We pulled into our new home, ushering us into a new season of sorts. Little did we know it wasn’t only for us but for all of us, all over the world.
It was our third move in 9 months of marriage. We had moved all over the country, hopping from town to town every few months. My husband was in medical school and his training sent him to work in community hospitals all throughout Uganda. Each move brought its own set of joys and challenges—a new community, new people, new language, and new options for food choices or at times a lack thereof.
A few days after we moved in, we had our first lockdown in Uganda. Those first few days we got to know our neighbors. I chatted with the wife, standing six feet apart: her on the veranda while I scrubbed my shoes in the grass. A few days later we met our neighbor’s house helper who cleaned their home. She was a kind woman who shared with us that her daughter also needed a job, so we decided to take her up on her offer to help us wash our clothes.
The Lord used them to open my eyes to more of the real effects of the pandemic on the people in Uganda. It was one thing for me to watch the nightly news as I tried to grasp the reality of what was taking place in my new home, always asking my husband a million questions. But, it was a whole other thing to have this new friend of mine sharing the reality of what her neighbors were experiencing. It was as if I was watching my passport country of America through a muddled rear-view mirror.
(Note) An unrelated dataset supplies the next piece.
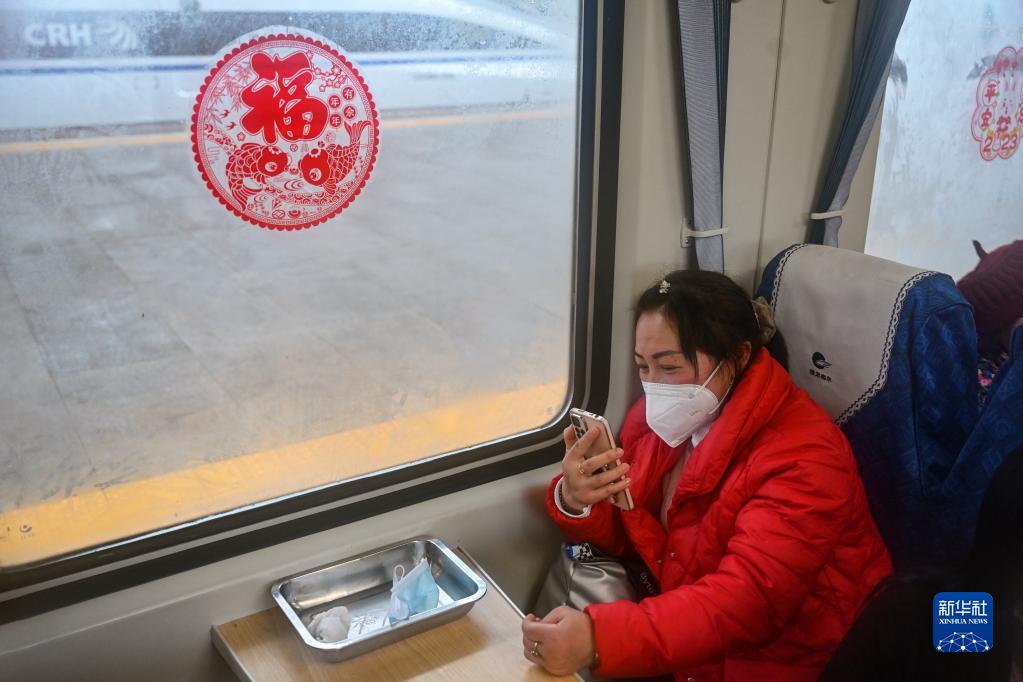 1月13日,在福州火車(chē)站,川籍務(wù)工人員在K1268次列車(chē)上和家人視頻。

I tried to grapple with the varying realties of these two places, both very near to my heart and at the same time somehow both very far away.
Together my husband and I talked about how best we could tangibly serve our neighbors. These new friends of ours helped us to see that people, hundreds of people, just ten minutes from our home were running out of food. We packed up bags of some staple foods in Uganda and began distributing them.
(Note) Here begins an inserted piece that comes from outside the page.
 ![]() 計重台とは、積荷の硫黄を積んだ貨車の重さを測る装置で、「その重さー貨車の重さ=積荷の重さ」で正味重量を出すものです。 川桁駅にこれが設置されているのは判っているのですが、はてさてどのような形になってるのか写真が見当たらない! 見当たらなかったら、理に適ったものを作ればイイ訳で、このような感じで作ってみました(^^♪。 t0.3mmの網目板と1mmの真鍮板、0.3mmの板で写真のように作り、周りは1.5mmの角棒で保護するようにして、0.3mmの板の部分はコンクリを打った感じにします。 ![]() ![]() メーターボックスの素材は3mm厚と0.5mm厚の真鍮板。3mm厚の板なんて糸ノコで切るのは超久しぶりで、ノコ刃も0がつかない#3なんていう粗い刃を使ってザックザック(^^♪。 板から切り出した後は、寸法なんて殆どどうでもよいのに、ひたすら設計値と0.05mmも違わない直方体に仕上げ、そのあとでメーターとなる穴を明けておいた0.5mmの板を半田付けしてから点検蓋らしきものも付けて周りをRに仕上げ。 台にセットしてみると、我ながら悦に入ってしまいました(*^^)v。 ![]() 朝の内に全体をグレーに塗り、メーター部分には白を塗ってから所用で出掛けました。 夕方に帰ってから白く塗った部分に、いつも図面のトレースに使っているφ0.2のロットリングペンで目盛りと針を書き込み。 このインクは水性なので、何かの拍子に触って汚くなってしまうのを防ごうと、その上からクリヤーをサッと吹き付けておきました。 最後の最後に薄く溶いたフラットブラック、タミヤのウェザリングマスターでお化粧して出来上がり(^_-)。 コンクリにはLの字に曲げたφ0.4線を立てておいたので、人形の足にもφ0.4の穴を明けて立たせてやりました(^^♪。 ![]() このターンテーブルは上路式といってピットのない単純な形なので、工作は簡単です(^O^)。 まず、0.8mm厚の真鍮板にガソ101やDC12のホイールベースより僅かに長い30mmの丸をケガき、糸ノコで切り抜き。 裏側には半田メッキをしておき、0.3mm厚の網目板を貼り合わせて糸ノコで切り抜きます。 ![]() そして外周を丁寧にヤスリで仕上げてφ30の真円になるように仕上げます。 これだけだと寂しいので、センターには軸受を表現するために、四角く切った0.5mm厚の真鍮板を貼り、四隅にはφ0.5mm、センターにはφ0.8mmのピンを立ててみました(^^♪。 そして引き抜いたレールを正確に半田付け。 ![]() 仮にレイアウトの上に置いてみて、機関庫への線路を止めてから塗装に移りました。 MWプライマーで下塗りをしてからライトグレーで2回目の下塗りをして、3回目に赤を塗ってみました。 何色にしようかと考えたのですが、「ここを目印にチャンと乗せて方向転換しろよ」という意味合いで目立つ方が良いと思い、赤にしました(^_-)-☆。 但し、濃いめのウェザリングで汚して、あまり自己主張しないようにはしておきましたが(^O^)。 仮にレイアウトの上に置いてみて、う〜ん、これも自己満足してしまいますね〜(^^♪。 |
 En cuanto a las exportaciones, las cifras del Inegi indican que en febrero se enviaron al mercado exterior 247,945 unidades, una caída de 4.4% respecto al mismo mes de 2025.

But, what I still can’t stop thinking about is the way that village showed up for one another through the distributing of the food. While we had purchased enough food to feed a few hundred people, the community members of this village saw how there were more in need than there was food available. Just as quickly as we began distributing the twenty-pound bags of food, they began splitting open the bags to make their own smaller bags of food. Twenty-pound turned into ten pounds and then ten to five, in order to feed more of their own people who they knew were hungry, too.
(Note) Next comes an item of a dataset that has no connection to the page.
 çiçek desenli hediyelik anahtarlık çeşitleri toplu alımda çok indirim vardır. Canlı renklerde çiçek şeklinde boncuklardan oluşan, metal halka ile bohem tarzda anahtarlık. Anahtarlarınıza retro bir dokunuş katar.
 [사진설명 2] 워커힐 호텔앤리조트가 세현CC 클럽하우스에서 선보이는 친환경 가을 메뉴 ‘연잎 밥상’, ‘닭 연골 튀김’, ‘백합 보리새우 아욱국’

Years ago, my church had this phrase written on its walls, “Find a need and fill it. Find a hurt and heal it.” This is exactly what these Ugandan people were doing, for their own.
Jesus says in Matthew 25:34-40 (ESV):
“Then the King will say to those on his right, ‘Come, you who are blessed by my Father, inherit the kingdom prepared for you from the foundation of the world. For I was hungry and you gave me food, I was thirsty and you gave me drink, I was a stranger and you welcomed me, I was naked and you clothed me, I was sick and you visited me, I was in prison and you came to me.’
Then the righteous will answer him, saying, ‘Lord, when did we see you hungry and feed you, or thirsty and give you drink? And when did we see you a stranger and welcome you, or naked and clothe you? And when did we see you sick or in prison and visit you?’ And the King will answer them, ‘Truly, I say to you, as you did it to one of the least of these my brothers, you did it to me.”
We watched as our new Ugandan neighbors were living this truth out—giving what they had to one another, doing it unto Jesus himself. And through them we were blessed to be part of that too, loving the least of these, all of us doing it unto the King.
This past year has been full of darkness, trials, pain and suffering across the globe. But, it’s also been full of beauty and light. All around us. We look up, look out, and look into the eyes of the One who always promises beauty for ashes, hope in sorrow, and that something far better awaits each of us who call Christ our Lord.
I’m thankful for this small village and how they planted a seed of hope in my heart as I watched them love their people in their own time of need. There’s certainly still trials, pain, corruption, and suffering. Even as I write this, we’re back in another country-wide lockdown. But, I want to be the one who looks out for the light in the midst of the darkness. The one who, like our Ugandan neighbors, finds needs and fills them, finds hurts and heals them. In a pandemic and out of a pandemic. One day at a time.
How have the people around you planted hope in your heart in the midst of the pandemic?